Thursday, April 24, 2008

Those One-Dollar Photos - Are They Any Good?

If you check out the magazines on the rack at Wal-mart or the airport, or the books at Barnes & Noble, or your teen's high school textbook, you'll find they include very few "generic" pictures. (Generic, meaning general, non-specific images that can be used as layout fillers, general illustrations, or ad backgrounds.)

It's not that editorial photo editors don't like microstock generic photos (if they had a job at an ad agency they'd love them), but rather that an editor's job is to match the targeted content of the text in the magazine or book with specific photographs. Simple as that.

A customer who buys a book or magazine expects on-target information in the special-interest periodical, book, or publication -and that includes not only the text, but also the photo illustrations.

Putting a generic $1 photo in their layout opens up the possibility of a catastrophe for the photo researcher or editor. Like what? Well, the same microstock photo might appear elsewhere, in a public brochure, newspaper or magazine advertisement, or worst-case scenario, in a competitor's publication.

Persons who invest in a publication, book, magazine, textbook, coffee table book, etc. expect exclusivity. They don't expect to see the same photo used elsewhere.
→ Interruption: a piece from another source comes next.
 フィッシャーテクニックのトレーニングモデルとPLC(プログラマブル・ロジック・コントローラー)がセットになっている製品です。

Many a fledgling photo editor has been burned in the early days of microstock photography, when they jumped on this source of inexpensive photos and used a picture that a month later (or the same month!) was used elsewhere in the publishing world. There's a saying in the photo research arena, "If the photo costs a dollar, it could also cost your job." Publishers want to give their readers distinctive, relevant, well-researched text and photos. That's how they stay in business.

False Alarm

The perceived threat of competition from $1 pictures available on the Internet lessens even more when you look at what's happening when it comes to the selling of your editorial stock images.
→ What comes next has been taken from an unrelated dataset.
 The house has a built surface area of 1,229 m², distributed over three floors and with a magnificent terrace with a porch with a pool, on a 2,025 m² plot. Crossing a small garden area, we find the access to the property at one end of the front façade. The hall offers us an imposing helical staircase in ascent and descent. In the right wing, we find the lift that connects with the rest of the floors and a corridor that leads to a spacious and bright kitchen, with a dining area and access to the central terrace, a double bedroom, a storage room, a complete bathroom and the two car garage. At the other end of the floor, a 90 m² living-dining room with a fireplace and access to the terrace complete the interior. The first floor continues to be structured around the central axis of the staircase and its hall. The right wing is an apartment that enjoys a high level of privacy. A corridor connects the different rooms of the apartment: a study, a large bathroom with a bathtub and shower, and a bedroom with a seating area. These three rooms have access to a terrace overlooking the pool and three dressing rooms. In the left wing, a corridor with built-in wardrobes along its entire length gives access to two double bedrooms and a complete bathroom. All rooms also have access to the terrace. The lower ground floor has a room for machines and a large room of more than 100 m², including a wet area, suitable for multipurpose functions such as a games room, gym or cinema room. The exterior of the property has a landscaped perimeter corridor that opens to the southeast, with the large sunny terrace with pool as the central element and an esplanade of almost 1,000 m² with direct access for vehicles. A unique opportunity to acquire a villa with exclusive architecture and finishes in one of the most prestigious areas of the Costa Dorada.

On the photographer's side, editorial stock photographers have learned to personally keyword their photos with targeted words that guide the photo researcher to their site or a site like the PhotoSourceBANK, which has guaranteed high buyer traffic.

Photobuyers have discovered they can use the Internet to find the best, exact, exclusive photo for their publishing project. Using a text description and a popular search engine such as Google, Yahoo, or MSN, they type a "long tail search" (using several words to describe what they need) into the search bar*. This connects the buyers to photographers' websites or sites that make the work of many photographers available.

This system, of course, is in its infancy, but is the way of the future. The time is now to carry a notepad along with you in your photographic forays - overseas, or your local region, or your backyard. Every time you snap a picture, jot down several descriptive keywords you could use to identify it. Just the word 'camel,' 'weed,' or 'airplane' is no longer viable in your descriptive database. Expect to describe each image in four or five words, because that's what the photobuyer will be using in their Google search.

*We encourage photobuyers to also add the word photosource in the search request. That lands them on the PhotoSourceBANK, where member photographers list identifying descriptions of more than 2 million specific photos. Buyers can find the photo they need in seconds, using the keyword search system. The PhotoSourceBANK is used by hundreds of photobuyers every day, to search for the source of the photos they need. To sign up for the PhotoSourceBANK, go to http://www.photosourcebank.com.

Rohn Engh is the best-selling author of "Sell & ReSell Your Photos" and "sellphotos.com." He has produced a new eBook, "How to Make the Marketable Photo." For more information and to learn how to sell photos and to receive his free eReport: "8 Steps to Becoming a Published Photographer," visit his website, PhotoSource International or call 800 624-0266.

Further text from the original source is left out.